Outlining the Difference Between Structured, Unstructured and Semi-structured Data
March 25, 2021 / Intelligent Process Automation, Robotic Process Automation
As you delve into process automation, before long you’ll learn about the three basic forms of data and why they matter when it comes to automation: structured, unstructured and semi-structured data. In a nutshell, you can automate processes involving structured data with simple tools, but when it comes to unstructured and semi-structured, you’ll need an intelligent automation platform.
In this post, we’ll walk you through the attributes of each type of data and explain why the data type matters when it comes to intelligent document processing.
Structured data: best for RPA and templates
As its name implies, structured data is highly organized, typically in a database or spreadsheet with rows and columns. As a result, each piece of data can be mapped to a specific, fixed field or location.
Structured data is often managed using the Structured Query Language (SQL), a common programming language for relational databases. With relational databases, it’s possible to view data by various criteria, such as customers by region, and to answer queries such as, “customers who spent more than $500 with us last year.”
It’s relatively easy to automate processes that involve structured data. Robotic process automation (RPA) tools or solutions that use optical character recognition and templates work well with structured data. You can build automation routines that tell the tools exactly where the data they need resides. So long as there’s no deviation from that norm, the tools should work well to automate simple, repetitive tasks, such as extracting data from a spreadsheet and entering into a customer relationship management (CRM), enterprise resource planning (ERP) or other downstream system.
Unstructured data: requires intelligent automation
Unstructured data, on the other hand, adheres to no special format. Types of unstructured data include the text in an email message, PDFs, Word files, photos, presentations, call center or legal transcripts and more.

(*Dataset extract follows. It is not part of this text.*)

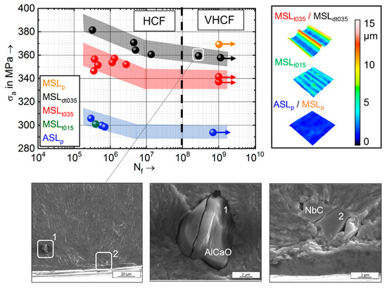 The influence of metastability on the VHCF behavior is very clearly seen by comparison of the S-N curves of both ASSs (Figure 6 and Figure 7); run outs are marked with an arrow. The specimens from metastable AISI 347 with purely austenitic microstructure in the initial state and with different surface morphology only failed in the HCF regime at N < 107. In the VHCF regime, no specimen failure occurred, which shows that a true fatigue limit exists for this metastable austenite. Only the pre-deformed specimens failed in the VHCF regime, which is consistent with literature for different metastable austenitic steels [8,29,30]. During cyclic loading, the metastable AISI 347 transforms from paramagnetic γ-austenite to ferromagnetic α’-martensite, which is confirmed by Feritscope™ measurements. Hence, the surface morphology influences the fatigue behavior of metastable AISI 347 completely differently in comparison to the stable AISI 904L. The specimens with morphology MSLt035, which exhibit nanocrystalline and martensitic layers show higher fatigue strength despite of the higher roughness values (Rz = 11 µm) and tensile residual stresses (504 MPa) than the conventionally turned and polished specimens with the ASLp morphology and resulting small roughness of Rz = 1 µm and compressive residual stresses (−20 MPa). The fatigue strength of specimens increased after cryogenic turning about 50 MPa. The scatter of MSLt035 specimens failed in the HCF-regime was higher than that of the variant ASLp, which is caused by the turning process resulting in irregularities by chip formation and chip breaking. The results show that the martensitic surface layer in combination with the nanocrystalline structure had a very positive effect on the fatigue behavior in VHCF regime, whereas only a nanocrystalline structure did not lead to higher fatigue life as shown for stable AISI 904L (comp. fatigue life SSlp with SSLt035 in Figure 6). This results from the low roughness, the martensitic surface layer, and the compressive residual stresses at the specimens’ surface. The fatigue tests with MSLdt035 specimens were demanding the maximum displacement amplitude of the ultrasonic using testing system. It was not possible to perform higher stress amplitudes than σa = 381 MPa due to the high internal friction of the austenite in the specimens’ volume. Nevertheless, an increase of fatigue strength for the morphology MSLdp was determined. In contrast to the results from specimens without pre-deformation, failure in the VHCF regime occurred in specimens with the morphology MSLdt035 and the data points show a drop in the S-N diagram. Such behavior could also be observed in a metastable austenite with a α’-martensite content of 54 vol.% achieved by pre-deformation [30]. Using scanning electron micrographs, the fracture surfaces of specimens with the morphology MSLdt035 were examined. Figure 7 shows SEM micrographs of the MSLdp specimen failed at N = 2.8 × 108 cycles. The fracture surface contains an AlCaO inclusion, and a niobium carbide a few microns below the surface. The fracture topography around the NbC indicates that crack initiation originated from the carbide. Hence, the deeper located subsurface AlCaO inclusion was fractured by crack growth. In general, the pre-deformation with deformation-induced martensite formation increases the HCF fatigue strength. However, in the VHCF regime, a drop of fatigue strength occurred. Taking into account the fatigue life of the specimen with the morphology MSLp, it becomes clear that, even compared to the cryogenically turned samples with partially converted volume (morphology MSLdt035), the MSLp samples have a higher fatigue strength in the whole fatigue regime.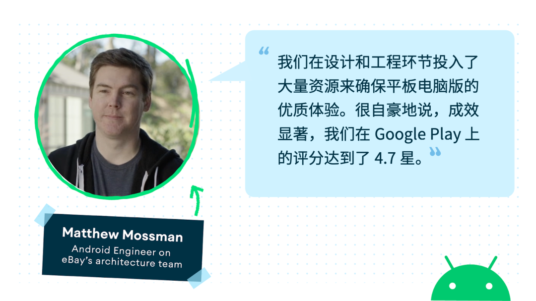 eBay 移动设备架构团队的 Android 工程师 Matthew Mossman 说: "通过公开反馈渠道得知,在大屏幕设备上投入开发资源的好处显而易见。"通过针对大屏幕设备优化应用,eBay 开发者构建了更好的用户体验,进一步提高了用户满意度。

It’s widely accepted that the vast majority – at least 80% – of all data in any given organization is unstructured. Given it follows no predetermined format, it’s much more difficult to automate processes involving unstructured data. Indeed, until the relatively recent advent of artificial intelligence technology, it was all but impossible.

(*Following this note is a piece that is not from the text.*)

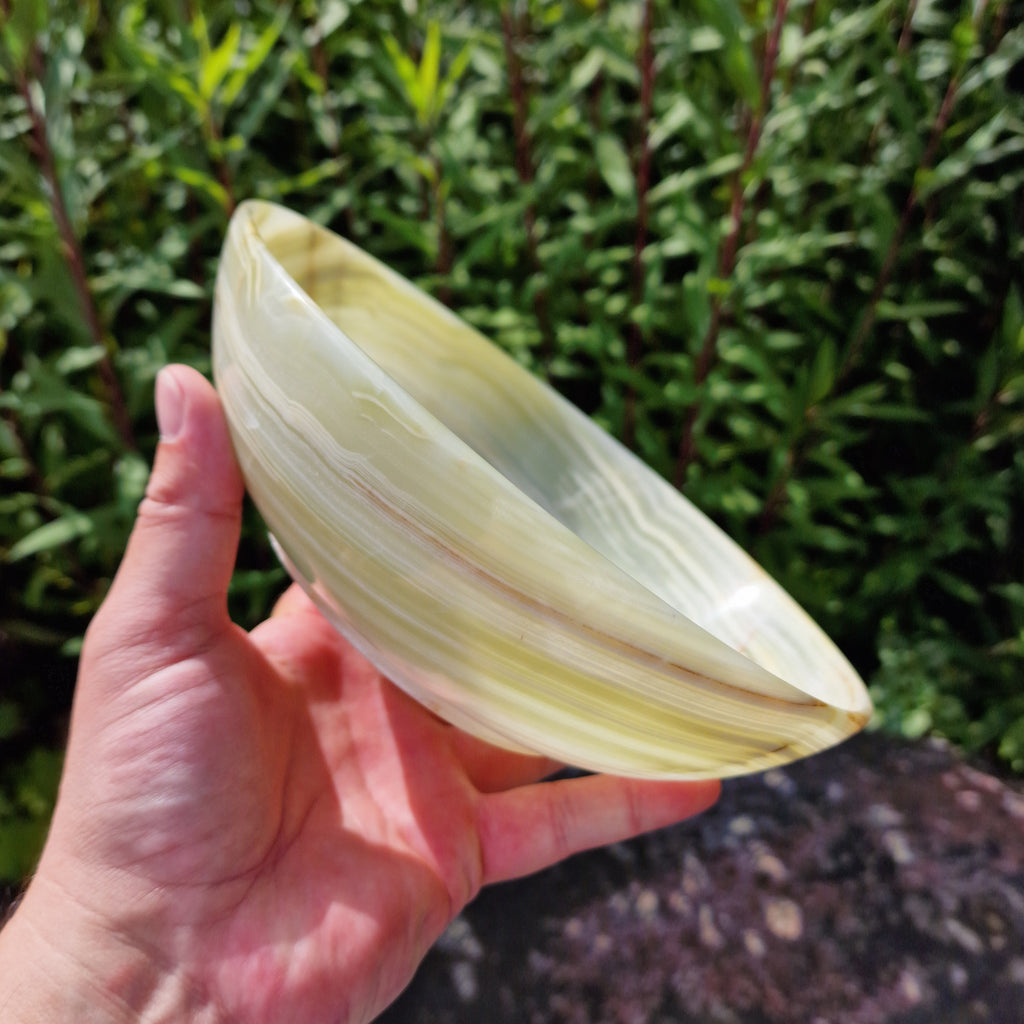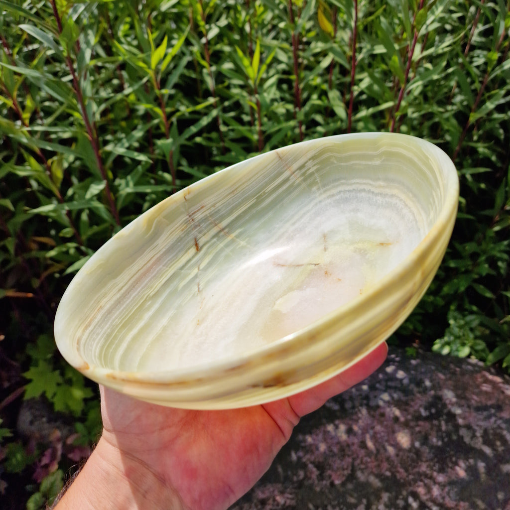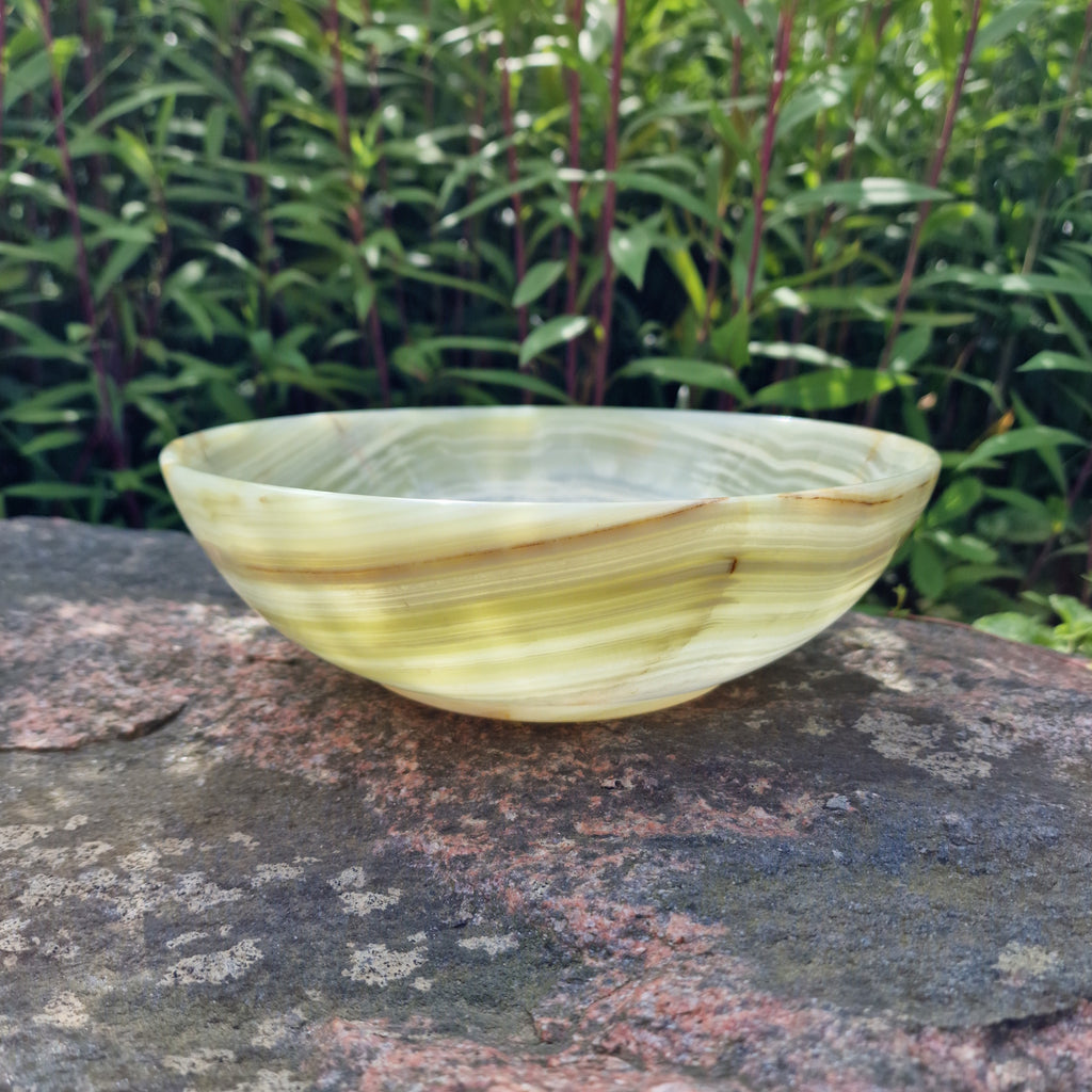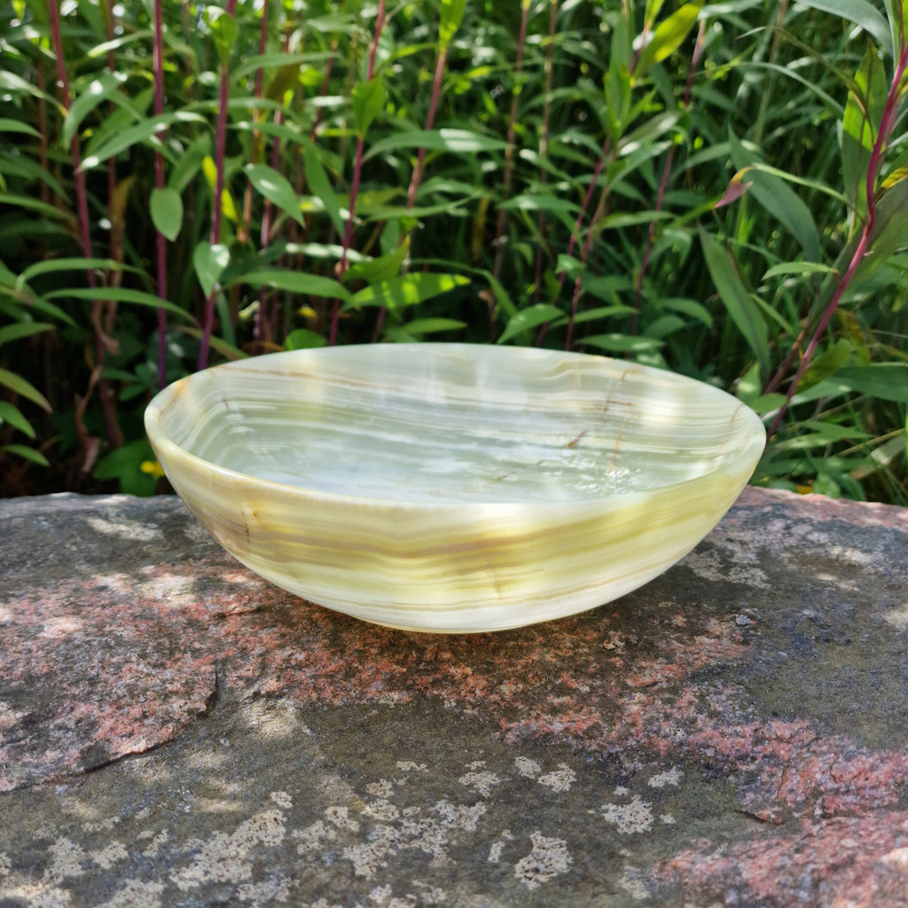 Sie erhalten eine Schale aus poliertem Onyxmarmor – ein echtes Unikat!

But AI changes the game. With enough data, we can now train models to “read” unstructured data much like a human does, complete with an understanding of the context behind any given document or image. The models can extract key data elements required to automate a given process, such as financial figures, social security numbers, names, addresses and so on. Or, a model may be fed an image of a damaged car and be smart enough to know, “This car has been in an accident and has damage to the right front fender.”
Semi-structured data: usually requires intelligence
Semi-structured data falls somewhere in between the other two categories. Back to the email example, while the text of the email is unstructured, the header contains structured elements: the “to” and “from” fields, date and time, for example. So, as a whole, an email may be considered an example of semi-structured content.
Digital photos are another example. Typically, they will also contain a date, time and perhaps location where the photo was taken – all structured elements, although the image is wholly unstructured.
For such cases, it’s possible to use an RPA or templated tool to automate some of a process for handling these data types – such as categorizing by date. But you’ll still need an intelligent automation tool to find and extract relative data. Keeping in mind the intelligent tool can also be used on structured data, it makes more sense just use it to automate the entire document processing effort.
Invoices are often touted as an example of semi-structured content. That may be the case if your company gets invoices from only four or five suppliers, and they consistently use the same format. In that case, it’s conceivable you could train an RPA or templated tool to extract key data elements to automate invoice processing.
But large companies likely receive invoices from dozens if not hundreds of companies that use many different formats. You’d be hard-pressed to create templates to handle each of them, and would forever be troubleshooting them as they change over time. Here again, it makes more sense to treat the invoices as unstructured content and use an intelligent data processing tool to automate invoice processing.
Indico’s Intelligent Process Automation platform can handle the gamut of document processing needs, whether it involves highly structured documents, completely unstructured or something in between. It’s effective because it’s built on a database of more than 500 million labeled data points, providing a deep base of knowledge that gives it the context required to “read” and understand virtually any type of content.
Taking advantage of AI technology known as transfer learning, Indico makes it easy for business process owners to put that database to use to automate their own processes. Our intuitive tools enable business process owners to quickly label actual documents, telling the model which data to focus on. In a matter of hours, you can build a model that will be up to 95% accurate.